3. The method of claim 1, further comprising determining, based on
the feature vectors, whether the user has a prominent feature.
4. The method of claim 3, further comprising: when it is determined
that the user has at least one prominent feature, customizing the
assigned avatar to include the at least one prominent feature; and
outputting the customized avatar for user interaction.
5. The method of claim 3, further comprising, when it is determined
that the user does not have at least one prominent feature,
outputting the assigned avatar for user interaction.

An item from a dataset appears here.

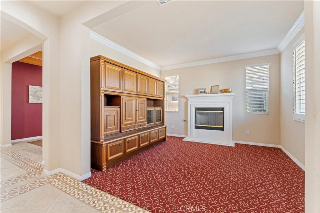 Experience luxury golf course living at its finest in Rancho Vista. This stunning former model home is perfectly situated in the prestigious Palmdale West community. This expansive single-story residence features three oversized bedrooms, three bathrooms, and a versatile bonus room that can easily be converted into a fourth or even a fifth bedroom. From the elegant travertine-tiled foyer to the designer wood ceilings in the formal dining room, every detail exudes sophistication. The home includes rich wood flooring and three separate fireplaces for unparalleled ambiance. The gourmet chef’s kitchen is equipped with a massive central island, a butler's pantry, and double ovens. The primary suite serves as a true sanctuary, featuring its own fireplace, a retreat area with custom built-ins, and a spa-like bath with a soaking tub and walk-in shower. Key upgrades include a newer AC condenser, gutters, and custom aluminum exterior security shutters for golf ball protection. A three-car tandem garage provides ample space for vehicles or a workshop. Seller will consider all offers, including those that include concessions.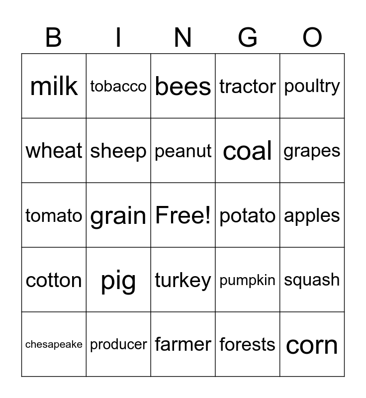 This bingo card has a free space and 24 words: pig, producer, peanut, chesapeake, poultry, milk, wheat, tobacco, potato, turkey, coal, tomato, pumpkin, squash, sheep, forests, apples, bees, grapes, grain, corn, cotton, tractor and farmer.

6. The method of claim 3, further comprising updating the avatar
associated with the likely user group based on the at least one
prominent feature of the user.
7. The method of claim 1, further comprising detecting a user
approaching the camera.
8. The method of claim 1, further comprising outputting the
assigned avatar for user interaction.
9. An apparatus for avatar generation, comprising: a video
interface configured to receive image data of a user; and an avatar
generation engine configured to receive the image data from the
video interface, generate feature vectors for a plurality of
features of a user, associate the user with a likely user group
selected from a number of defined user groups based on the feature
vectors, and assign an avatar based on the associated user
group.
10. The apparatus of claim 9, wherein the avatar generation engine
is further configured to combine the feature vectors into an
aggregate feature vector, wherein the associating is based on the
aggregate feature vector.
11. The apparatus of claim 9, wherein the avatar generation engine
is further configured to determine, based on the feature vectors,
whether the user has at least one prominent feature.
12. The apparatus of claim 11, wherein, when it is determined that
the user has at least one prominent feature, the avatar generation
engine is further configured to customize the assigned avatar to
include the at least one prominent feature and output the
customized avatar for user interaction.
13. The apparatus of claim 11, wherein, when it is determined that
the user does not have at least one prominent feature, the avatar
generation engine is further configured to output the assigned
avatar for user interaction.
14. The apparatus of claim 11, wherein the avatar generation engine
is further configured to update the avatar associated with the
likely user group based on the at least one prominent feature of
the user.
15. The apparatus of claim 9, wherein the avatar generation engine
is further configured to output the assigned avatar for user
interaction.
16. The apparatus of claim 9, wherein the apparatus cooperates with
a display to form a kiosk system, the display being configured to
display the assigned avatar for user interaction.
17. The apparatus of claim 16, further comprising: a camera
configured to detect an approaching user, capture image data, and
send the image data to the video interface; a computer, the
computer including the avatar generation engine and being
configured to animate the avatar and to control communications
between the avatar and the user; and at least one input device
configured to permit the user to interact with the displayed avatar
via the computer.
18. A method of incrementally training a user group classifier,
comprising: receiving image data of a user from a camera;
generating an aggregate feature vector from a plurality of feature
vectors associated with a plurality of features of a user;
receiving at least one of personal information and personal
preferences input by the user; determining a target user group for
the user based on the user input; associating the aggregate feature
vector with the determined target user group; and training a user
group classifier based on the association of the aggregate feature
vector with the determined target user group.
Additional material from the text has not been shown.